The process aiming to a gradual liquidation of University started since the end of the 40’s. In 1949 the authorities of People’s Republic of Poland began the closing of the Department of Law and Department of Social and Economic Sciences, followed by the closing of the Studies in Social and Economic Issues of the Countryside in the subsequent year. In 1953 pedagogical studies were liquidated and the Faculty of Humanities was rejected the right to conduct doctoral and postdoctoral programmes. Ten years later the process of liquidation of neo-philological sections was finally accomplished. At the same time, state authorities undertook actions aiming to reduce the number of students constantly increasing- authorities imposed very low limits on the number of students admitted to the first year of studies. Graduation from KUL usually resulted in the impossibility to find a job. Communist authorities rejected or postponed the issuance of the consent for employment of new employees; lecturers were refused to confirm the scientific degrees obtained; trips to foreign conferences were very difficult at that time. To complete the work of destruction, enormous income tax was imposed on University several times, thus increasing University’s debt. The state also took away Potulicka’s Foundation from KUL. These steps, however, did not reduce the public interest in the University. High level of lectures and unique atmosphere of true freedom invariably attracted the youth from all over the country. At that time the Friends of KUL Society played a vital role because its members associated both in the country and abroad generously supported and promoted the activities of University. KUL always had great support on the part of Polish, mostly Catholic, society. Among the defenders of the University one may not forget to mention Cardinal Stefan Wyszyński, Primate of the Millennium. Not only was he the graduate of the Faculty of Canon Law and Economic Sciences of KUL and Grand Chancellor of KUL between 1946 - 48, but he was also a devoted Friend and Advisor of our University.

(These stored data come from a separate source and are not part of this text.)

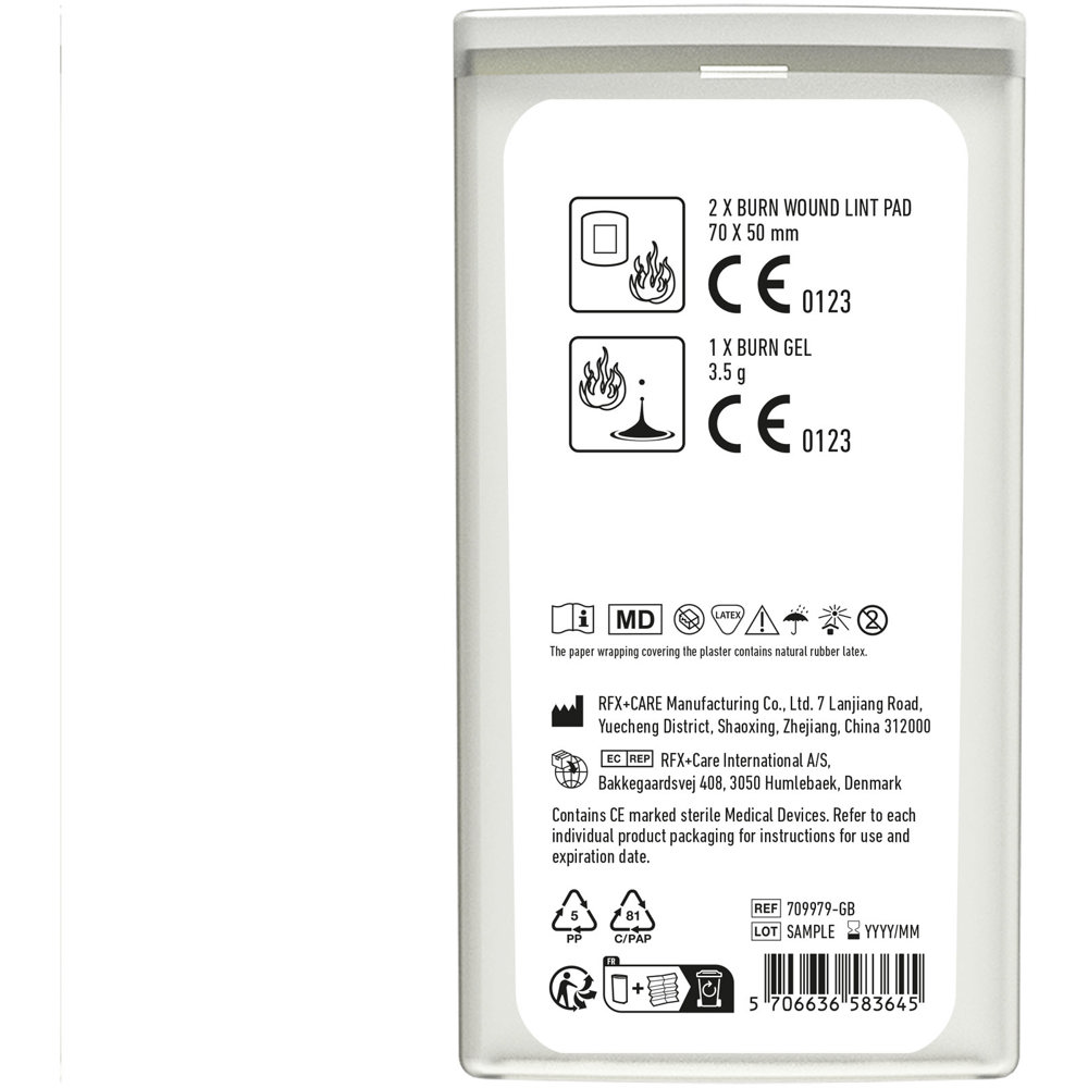 Met de Minikit Brandwonden ben je altijd voorbereid om eerste hulp te verlenen bij kleine brandwonden. Inhoud: 2 Brandwondencompres, 1 Brandwondengel. Alle eerste hulp en verzorgingsartikelen in de kit voldoen aan de EU regelgeving. Prijs is inclusief full colour bedrukking.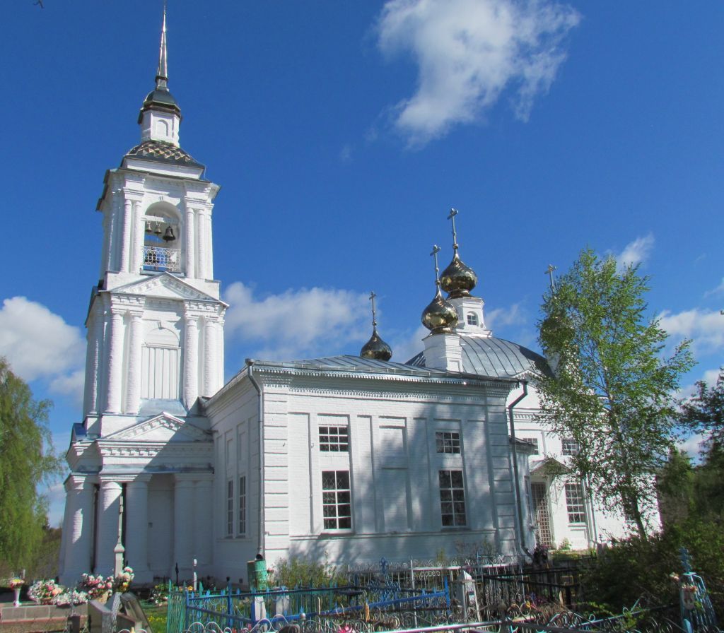 Предметом охраны является:1.Связь с ландшафтом и архитектурно-художественнымансамблем окружающих построек:1)является главной частью сельского храмового комплекса;2)расположен на высоком крутом берегу реки Письмы, играет роль вертикальной доминанты окружающего ландшафта.2.Стилистические особенности объекта: классицизм.3.Объемно-пространственная и архитектурно-художественная композиция объекта:1)протяженность основных объемов (апсида, двусветный четверик, двусветная трапезная, колокольня) по оси восток-запад; трапезная совмещена с приделами;2)двусветный четверик храма, завершенный пятью восьмигранными барабанами (центральный световой крупнее глухих угловых) с луковичными главками;3)зауженная по отношению к четверику прямоугольная апсида со скругленными углами;4)поперечно вытянутая трапезная с двумя боковыми приделами;5)пониженные округлые апсиды приделов, закрывающие часть фасадов четверика;6)выраженный невысокий цокольный ярус;7)колокольня, состоящая из трех ярусов-четвериков, увенчанная глухим барабаном со срезанными углами и невысоким шпилем.4.Внутренняя планировка:1) алтарь соединен с основным помещением храма широким арочным проемом;2)помещения храма и трапезной соединены узким арочным проемом, расположенным на продольной оси церкви;3)трапезная разделена столбами на центральное помещение и два боковых придела.5. Декоративные детали убранства фасадов здания:1)портик из четырех пилястр упрощенного тосканского ордера, несущих антаблемент, завершенный треугольным фронтоном со стороны южного и северного фасадов четверика;2)неполный антаблемент портика с гладким фризом и ступенчатым карнизом, дополненным сухариками, переходящий в венчающий карниз фасадов четверика, отделяющий его от верхней «аттиковой» части;3)ступенчатый карниз с сухариками внутри поля фронтона;4)прямоугольные горизонтальные подоконные филенки под окнами первого света четверика;5)круглые филенки между окнами первого и второго света;6)рустованные лопатки, закрепляющие углы фасадов трапезной, совмещенной с приделами;7)подоконные тяги под окнами первого света фасадов трапезной, совмещенной с приделами;8)прямоугольные ниши, в которые вписаны окна первого и второго света фасадов трапезной;9)квадратные ниши над окнами первого света, по отдельным осям заменяющие окна второго света на фасадах трапезной;10)вертикальные межоконные ниши на два этажа фасадов трапезной;11)венчающий карниз трапезной в виде упрощенного антаблемента, состоящего из гладкого фриза и ступенчатого карниза;12)простой ступенчатый карниз, венчающий фасады апсид храма и приделов (трапезной);13)арочные ниши окон центрального барабана;14)квадратные глухие ниши на гранях боковых барабанов;15)профилированные венчающие карнизы центрального и обеих частей боковых двухчастных барабанов;16)трехчастный карниз в основании центрального барабана;17)решетчатые двустворчатые двери входных проемов четверика с двускатными металлическими зонтами, с ажурным рисунком кронштейнов и тимпана;18)декоративная композиция фасадов колокольни:18.1)сдвоенные приземистые колонны (в первом ярусе), полуколонны (во втором ярусе) и трехчетвертные колонны (в третьем ярусе) упрощенного тосканского ордера, акцентирующие углы четвериков колокольни;18.2)массивный антаблемент, состоящий из прерванного ступенча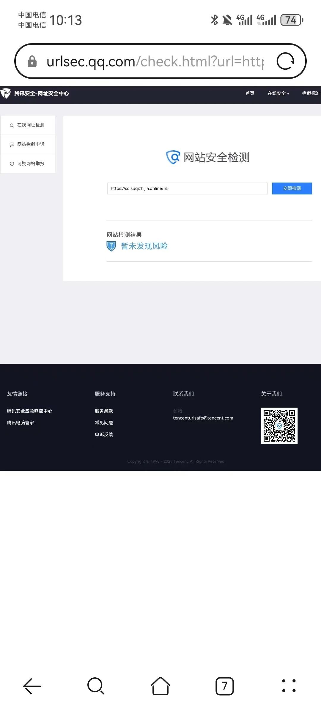 你好,经核实域名【suqizhijia.online】下的链接【https://sq.suqizhijia.online/h5】【https://sq.suqizhijia.online/h5/#/pages/technician 】违反了《微信外部链接内容管理规范》,我们无法恢复微信内直接访问的服务,请知悉。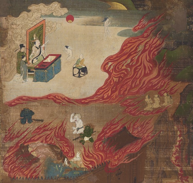 ちなみに地獄に落ちるか否かの審判の場面にも赤い丸が描かれています。これは地獄に落ちる直前で蓮台が迎えに来たものかと思われます。間一髪のところで日頃の行いが良かったことが閻魔様の調べで判明してお迎えにきたのか、最後の最後まで念仏を称えた結果、ギリギリで救済のお迎えが来たのかまでは不明です(笑)。

After year 1970, during Father Mieczysław Albert Krąpiec, Rector of KUL’s term of office, many majors previously liquidated managed to be reactivated. In 1981 the Faculty of Social Sciences was created. University intensified contacts with several foreign universities, which resulted in numerous visits paid by scholars from many European and American universities and in the increase of opportunities for KUL employees to travel abroad. In recognition of KUL’s activity, numerous diplomats, ambassadors and consuls from many countries of Western Europe as well as the USA and Australia came to the annual ceremonies of the inauguration of each academic year. This recognition given to KUL by the authorities of the free world was an unambiguous gesture indicating that the suffering, renunciation and humiliation suffered in the years of Stalinist terror and at the time of the construction of ‘a socialist country’ were worth experiencing in order to live in conformity with the faith and conscience and to search for the truth.


16th October 1978 was an exceptional date because Cardinal Karol Wojtyła was elected Pope. In 1987 this most famous professor of the Catholic University of Lublin visited his Alma Mater, addressing the academic community with unique words remembered until today: “University! Serve the Truth!”.